-- Opening Marker --
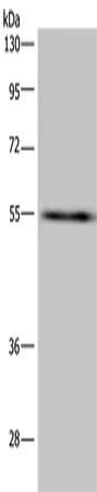 Gel: 8%SDS-PAGE, Lysate: 40 μg, Lane: A549 cells, Primary antibody: CSB-PA914299(IMPDH2 Antibody) at dilution 1/650, Secondary antibody: Goat anti rabbit IgG at 1/8000 dilution, Exposure time: 3 minutes
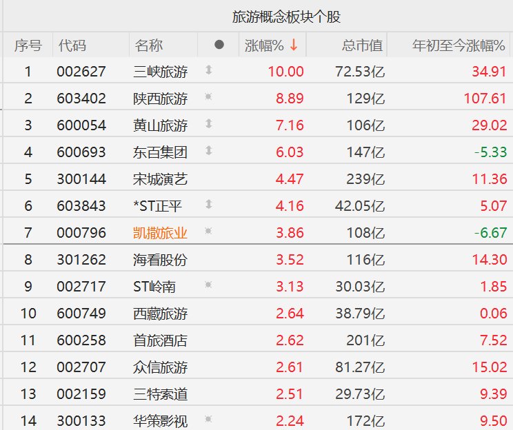 格隆汇2月5日|A股市场旅游股走强,其中,三峡旅游涨停,陕西旅游涨超8%,黄山旅游涨超7%,东百集团涨6%,宋城演艺涨超4%,凯撒旅业、海看股份涨超3%。消息面上,众信旅游的数据显示,2026年春节假期国内旅游市场热度持续上涨,计划出游人数较去年同期激增300%,市场呈现“量价齐升”的态势。
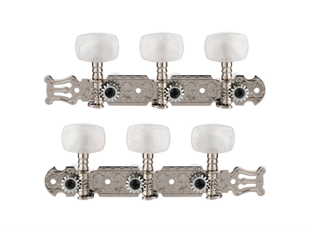 AOD-018C(W) Комплект хромированной механики 35мм для классической гитары с пластиковой втулкой с отверстием по центру, с перламутровой ручкой. Alice
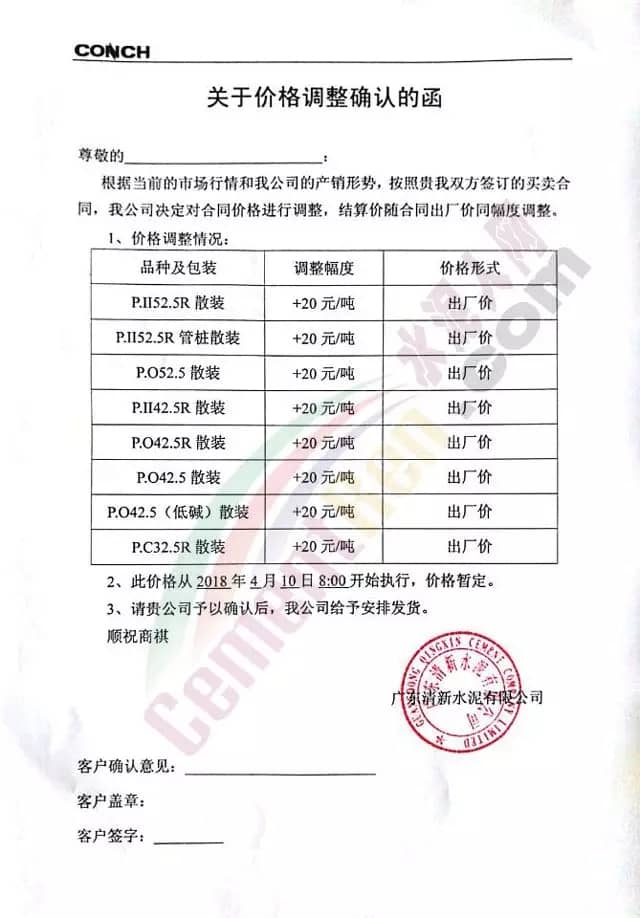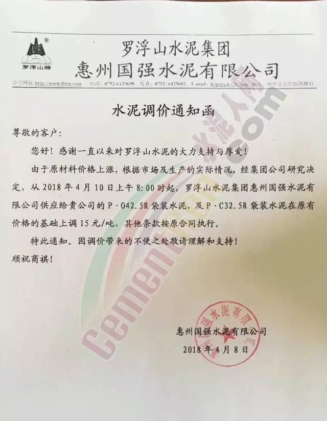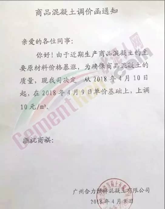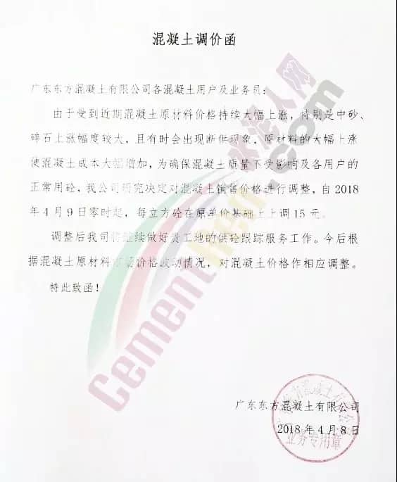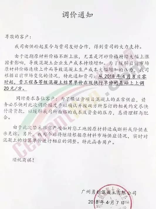 散装、包装全品种涨价广东东方混凝土有限公司4月8日发布调价函称,由于受到近期混凝土原材料价格持续大幅上涨,特别是中砂、碎石上涨幅度较大,且有时会出现断供现象,原材料的大幅上涨,使混凝土成本大幅增加,为确保混凝土质量不受影响及各用户的正常用砼,公司研究决定对混凝土销售价格进行调整,自2018年4月9日零时起,每立方砼在原单价基础上上调15元。
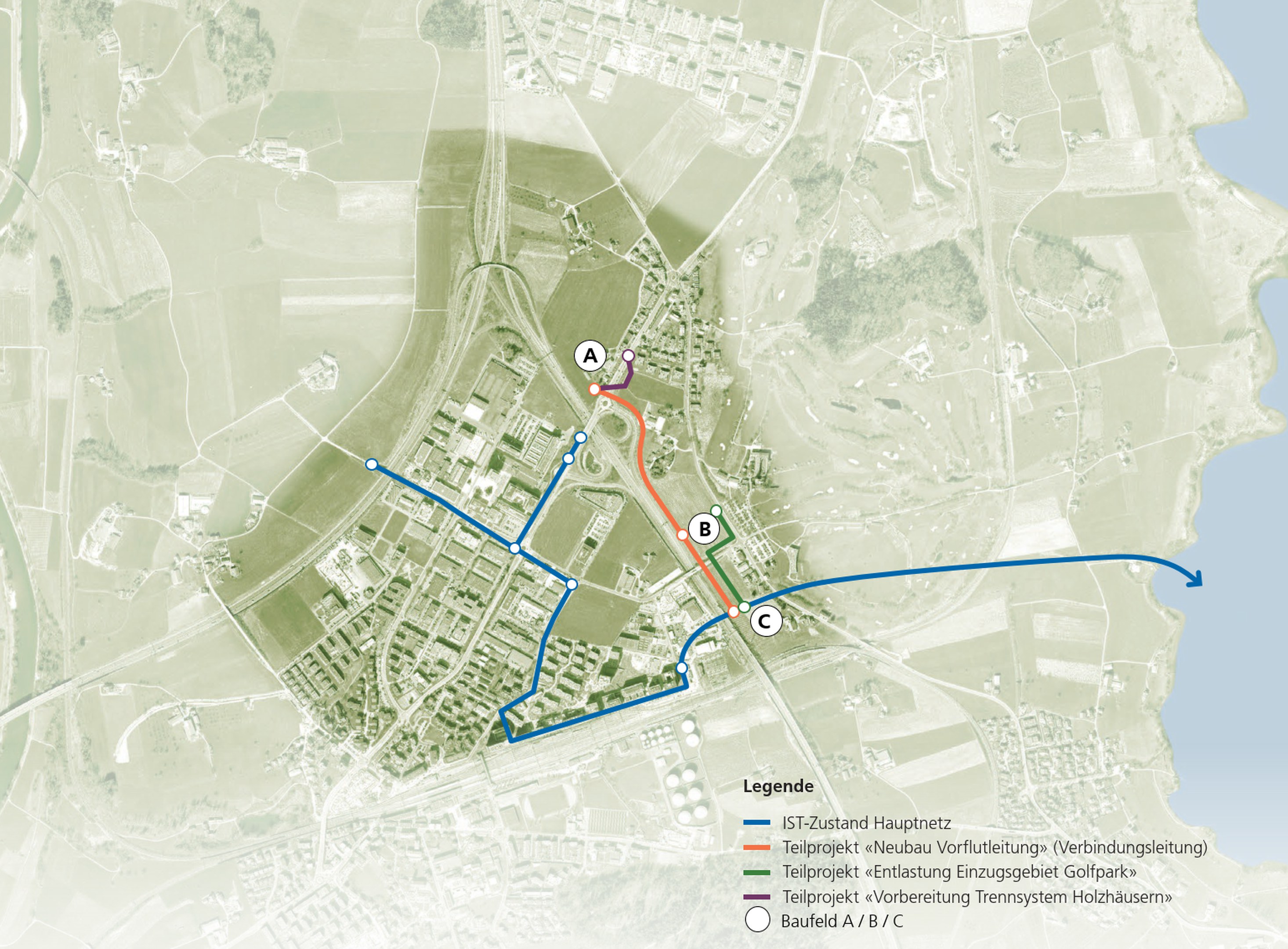 Durch den Bau der neuen Regenwasser-Verbindungsleitung können Kapazitätsreserven geschaffen, bestehende Anlagen erhalten und das Kanalsystem in Rotkreuz Nord entlastet werden. Zwei begleitende Teilprojekte – die Vorbereitung eines Trennsystems in Holzhäusern und eine Kapazitätserweiterung im Gebiet des Golfparks – sorgen für zusätzliche Verbesserungen.
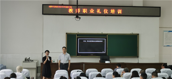 为进一步加强师德师风建设,塑造文明儒雅的教师形象,2021年8月26日上午,成都市龙泉驿区洪安中学校在阶梯教室举办了专题讲座——《教育职业礼仪》。本次讲座由国际注册高级礼仪培训师张力老师主讲。培训内容共分为四个部分:得体的着装、优雅的职业仪态、有效的沟通、关于职业与志业。
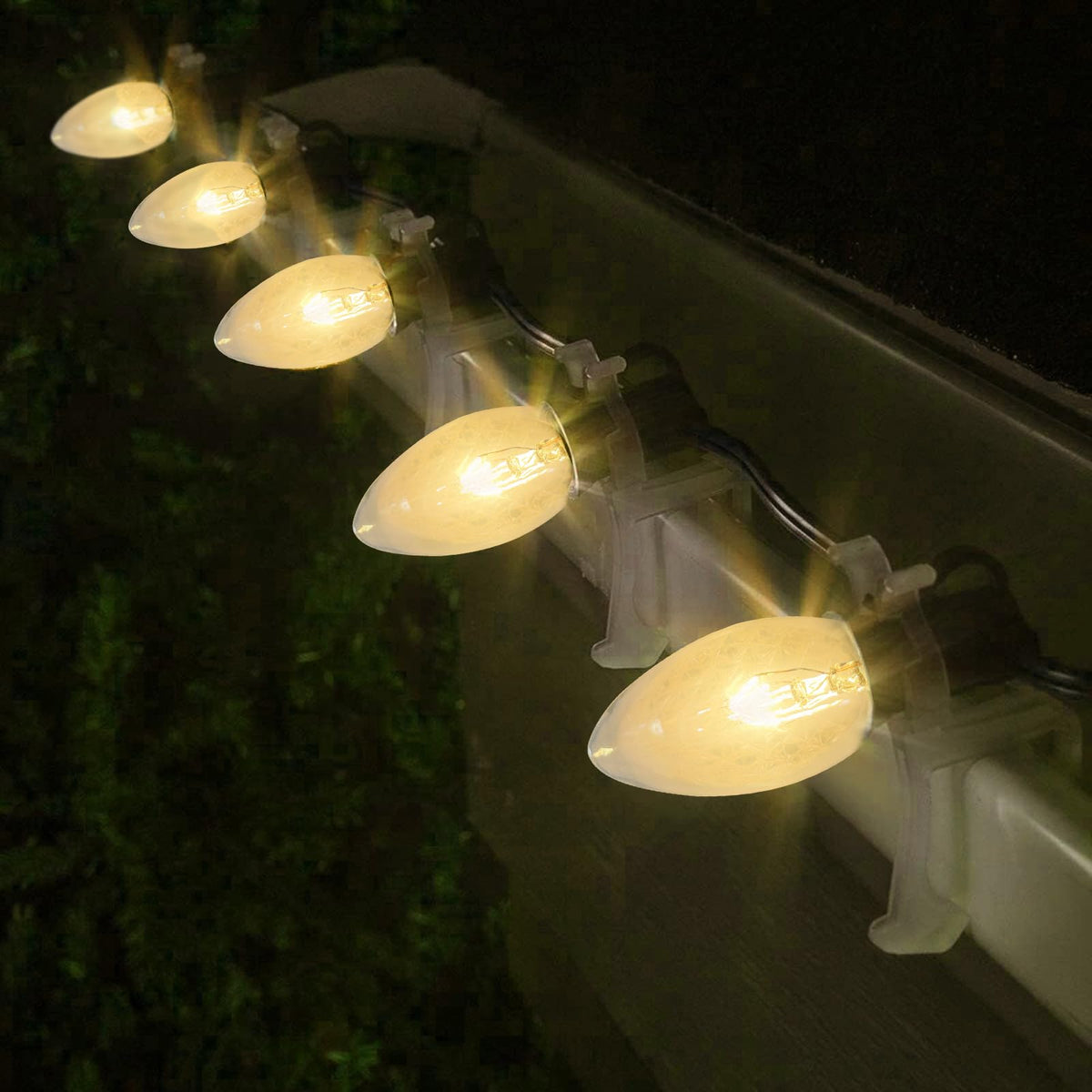 Q: Are these bulbs suitable for outdoor use?A: Yes, these C9 clear replacement bulbs are IP44 waterproof and UL Certified, making them safe and suitable for outdoor use, including Christmas string lights.
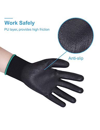 🔧Dieses Produkt hat 12 Paar Handschuhe (davon 24 linke und rechte Hände).【Produktbeschreibung】Die Handfläche wird mit einer PU-Beschichtung versehen. Es ist elastisch und verschleißfest, so dass die Handfläche nicht leicht durchstochen werden kann. Die Beschichtung ist wasserdicht, was die Dichtheit der Handschuhe weiter verbessert und Flecken und Bakterien wirksam isoliert. Rutschfest, erhöht die Reibung, verhindert das Verrutschen von Gegenständen und bietet mehr Sicherheit.
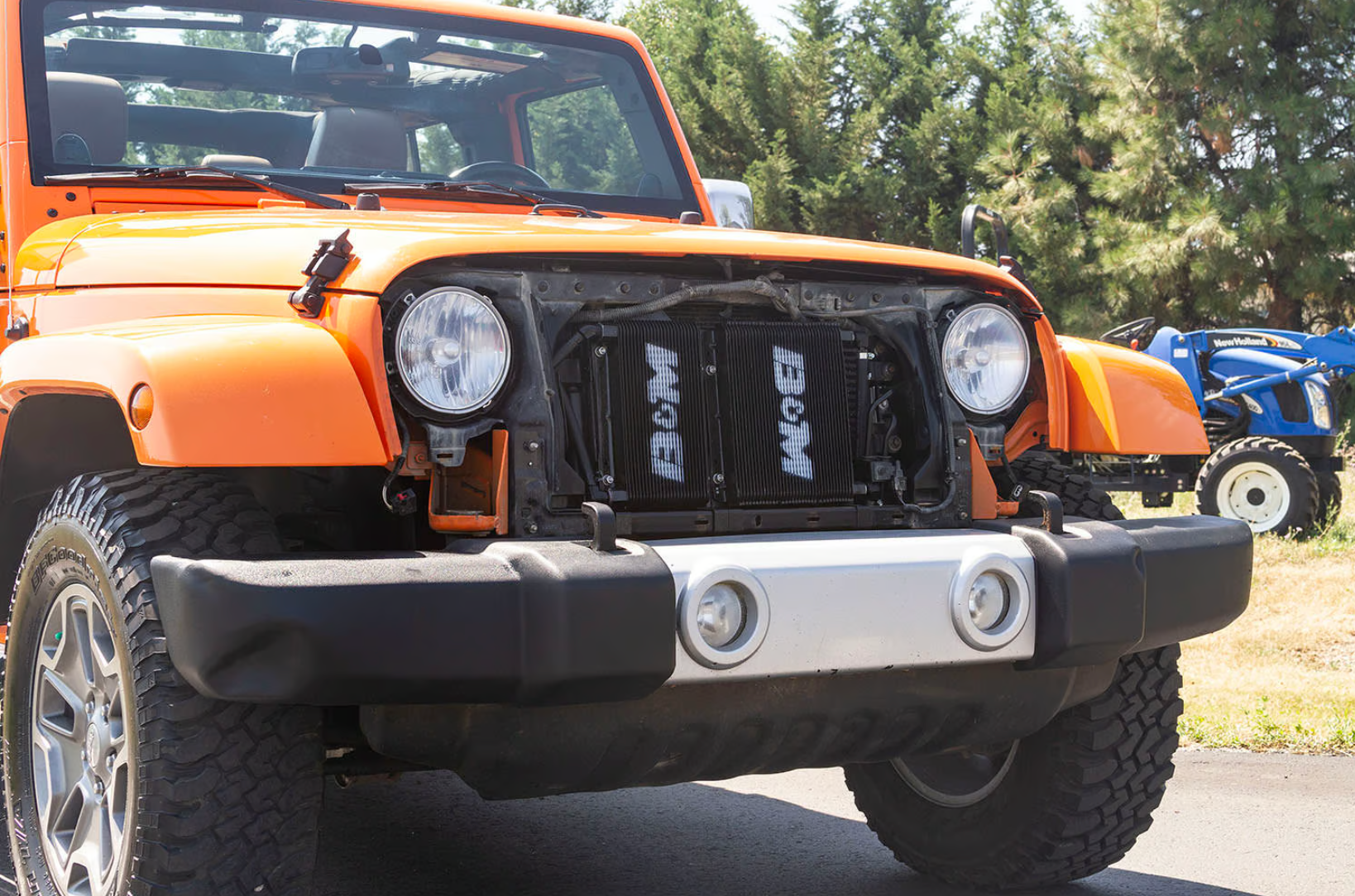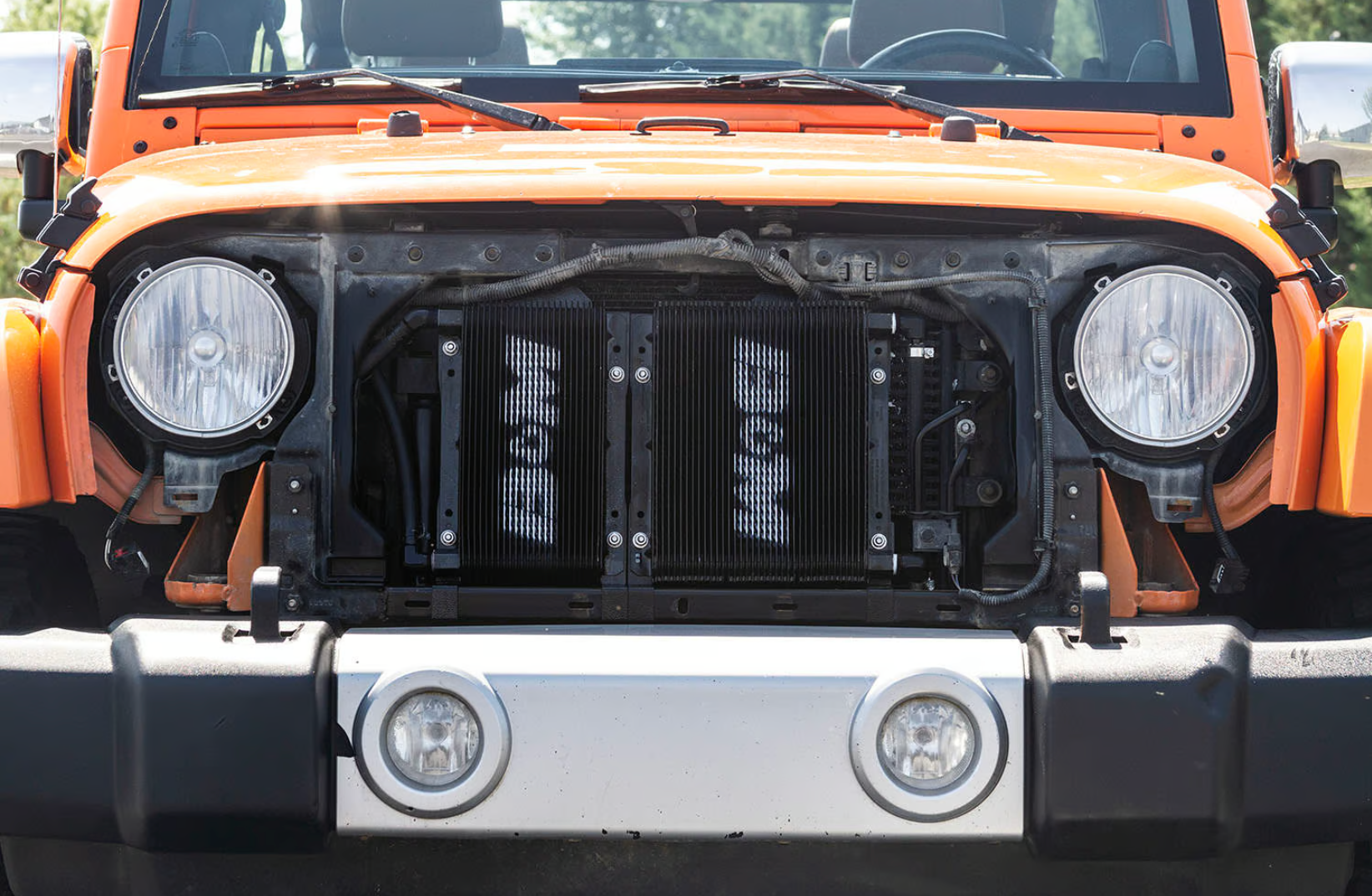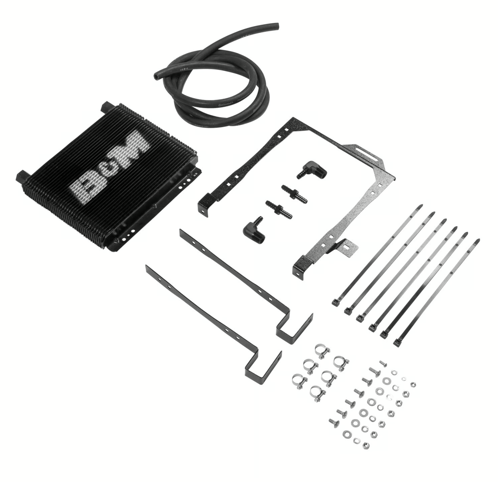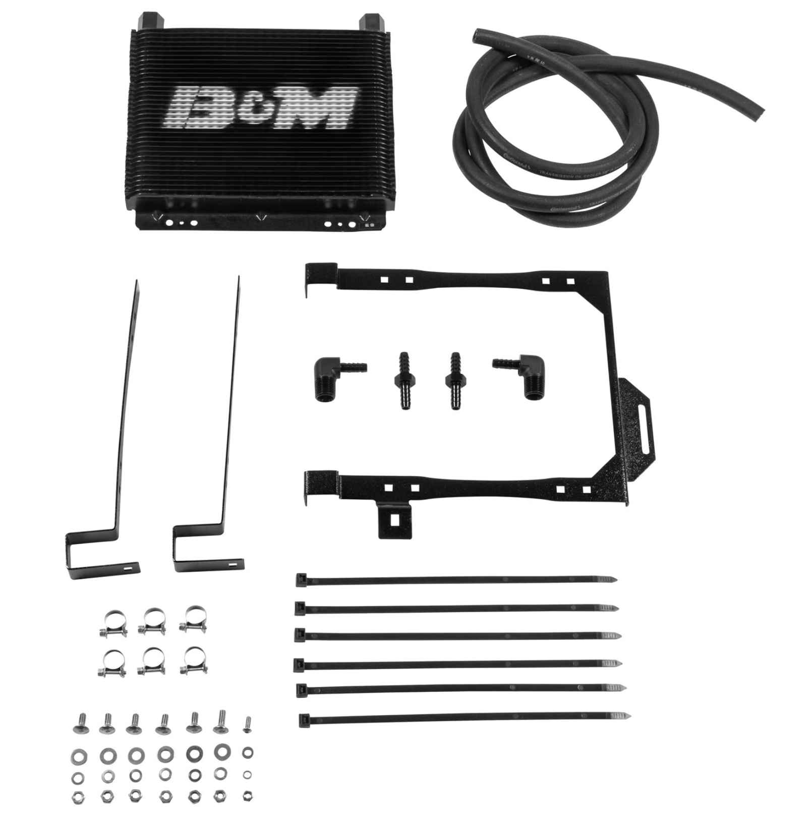This B&M direct fit automatic transmission cooler for Jeep Wrangler JK models is a great way to drop transmission temperature whether you are on-the-trail or stuck in bumper-to-bumper traffic. Cooler transmission fluid can lead to longer transmission life. This kit includes a stacked plate style B&M SuperCooler (20,500 BTU), black powder coated direct-fit brackets, anodized aluminum fittings, high quality rubber hose, and stainless steel hardware. The cooler features the B&M logo stenciled onto the face. Perfect for vehicles with larger wheel/tire combinations. This cooler can also be used alongside the B&M power steering cooler kit 70301.
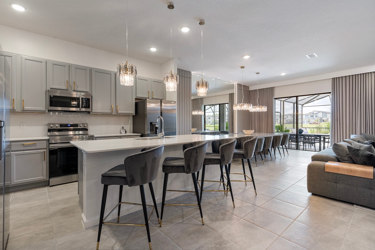 Maison de luxe moderne de 3 000 pieds carrés, avec 5 chambres, au complexe Encore de renommée mondiale à Reunion. Dotée de 5 chambres, 5 salles de bain et demie, une salle de jeux, une belle cour arrière, une piscine privée et un spa. À 6 minutes du supermarché Super Walmart et Publix. À 15 minutes des parcs Disney. À 15 minutes de Disney Springs. À 15 minutes des magasins d'usine Premium Outlets. À 20 minutes des studios Universal À 20 minutes des attractions d'International Drive. *VEUILLEZ VOUS ASSURER DE LIRE LE RÈGLEMENT INTÉRIEUR*
-- Closing Marker --
### ASSIGNMENT
Starting at the first line of the records and stopping after the line with "格隆汇2月5日|A股市场旅游", copy each line exactly; pictures stay out.

### TASK ANSWER
 Gel: 8%SDS-PAGE, Lysate: 40 μg, Lane: A549 cells, Primary antibody: CSB-PA914299(IMPDH2 Antibody) at dilution 1/650, Secondary antibody: Goat anti rabbit IgG at 1/8000 dilution, Exposure time: 3 minutes
 格隆汇2月5日|A股市场旅游股走强,其中,三峡旅游涨停,陕西旅游涨超8%,黄山旅游涨超7%,东百集团涨6%,宋城演艺涨超4%,凯撒旅业、海看股份涨超3%。消息面上,众信旅游的数据显示,2026年春节假期国内旅游市场热度持续上涨,计划出游人数较去年同期激增300%,市场呈现“量价齐升”的态势。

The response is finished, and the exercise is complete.